Я посмотрел на часы. Где‑то били куранты.
Из притона в ненастную сентябрьскую полночь вышли трое и степенным шагом, под стать кремлевскому караулу, двинулись навстречу моей судьбе.
Самый высокий – во френче, ростом достигавший моего подбородка – протянул мне руку, и я было подумал, что уйду из этого роддома, унося на руках маленького Борю, если бы не его непроницаемое, словно навсегда застывшее лицо в шрамах.
– Гасыс?.. Кока‑инь?.. Геро‑инь? – спросил он по‑русски.
– Собака.
– Кто? Я?
– Да нет, нет, что вы? Мне нужна моя собака. Ее сегодня увезли с улицы Первомайской ваши товарищи.
И хотя я говорил вяло, безнадежно, он, прожив в России, должно быть, дольше других из этой общины, меня понял.
– Васа собака мозет быть наса товариса, – по‑прежнему сдержанно кивнул он. – Но это бу‑дит сто‑ить день‑га.
Я не пожалел бы денег и на то, чтобы узнать, что он задумал и что у него на душе. Луна на мгновение выглянула из‑за быстро пробегавших туч, в этом промельке я хотел успеть что‑либо понять по его глазам – глаз не было; по его лицу – лица не было, точнее, это было неподвижное лицо мертвеца.
Или убийцы.
– Если я найду свою собаку, я вам заплачу, – твердо пообещал я. Он перевел соплеменникам содержание нашего разговора – это я понял по тому, как заулыбались, закивали они, зацокали языками и почти синхронно развели руками, выражая сожаление по поводу случившегося. Завершив ритуал, все снова замолчали и снова уставились на меня.
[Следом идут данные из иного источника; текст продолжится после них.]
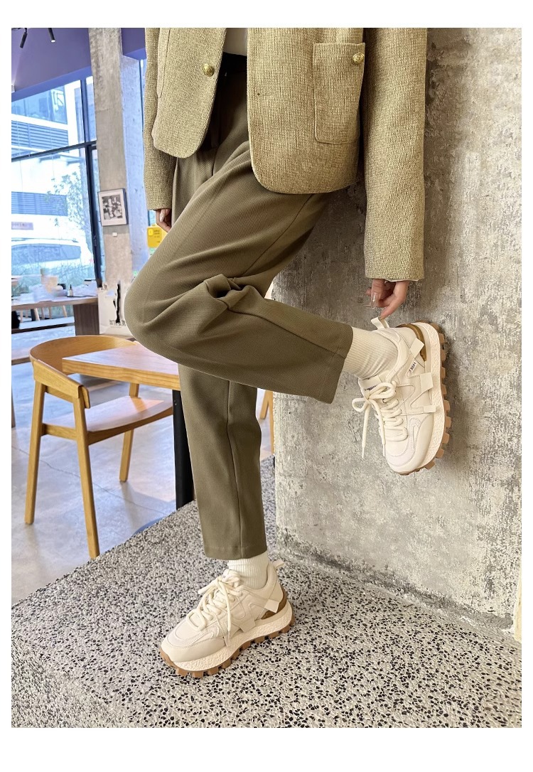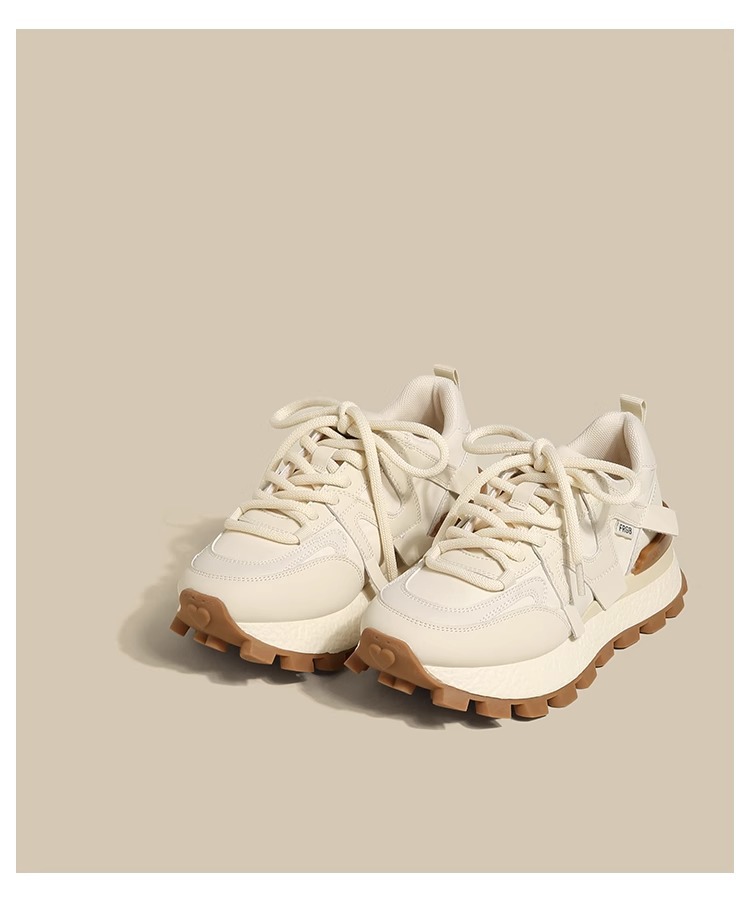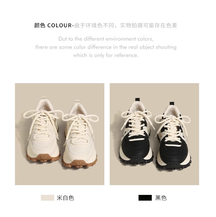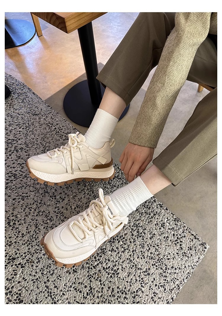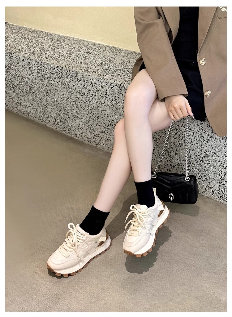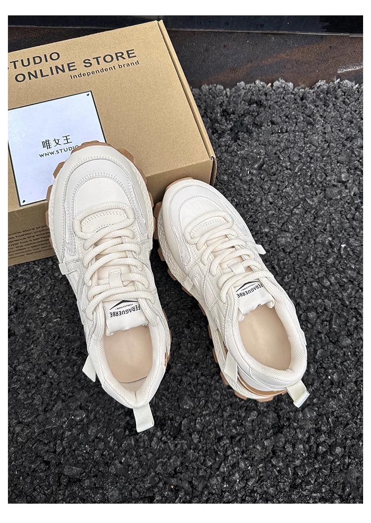 포레스트 검프 신발 여성 2025 새로운 색상 차단 부드러운 가죽 두꺼운 단독 다목적 부드러운 단독 와플 신발 스포츠 캐주얼 신발 아빠 신발스토어 가기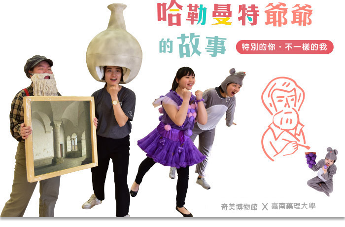 哈爺爺從小就熱愛畫畫和蒐集有趣的古物。有一天,哈爺爺在假日市集閒逛時,一件外觀陳舊的花瓶吸引了他的目光,最後決定買下它。哈爺爺看這花瓶愈看愈有趣,於是忍不住畫了起來,就在這個過程哈爺爺經歷了未曾有的體驗。之後,鎮上舉辦一場盛大的藝術季畫展,熱情的哈爺爺開心地報名參加,但創作的瓶頸一度讓他垂頭喪氣…想知道哈爺爺能否如期參加畫展嗎?竭誠歡迎您來奇美博物館觀賞荷蘭藝術家哈勒曼特特展之教育活動《哈勒曼特爺爺的故事─特別的你,不一樣的我》,與我們同樂吧!

– Я могу посмотреть ваших собак? – растерянно спросил я у непроницаемого.
– Это не здесь, – ответил он, подумав. – Но вас могут подвезти.
Стало ясно, как в избе‑читальне при лампочке Ильича, что придется платить аванс, подтверждая свою кредитоспособность. Я снова полез в карман, невольно подумав, что если они живут здесь легально, без документов, то куда они девают трупы тех, кто умирает?
С вымученной усмешкой превосходства, достав конверт из кармана, «куклу» – из конверта, сотню – из‑под аптекарской резинки (так, чтобы они могли разглядеть, что под ней – вторая, и подумать, что под второй – еще пачка таких же), я протянул ее непроницаемому. Он посветил на купюру фонариком‑ручкой, вначале на Франклина, затем – на здание Дворца независимости, кивком отметил подлинность купюры и спрятал ее в нагрудный карман френча.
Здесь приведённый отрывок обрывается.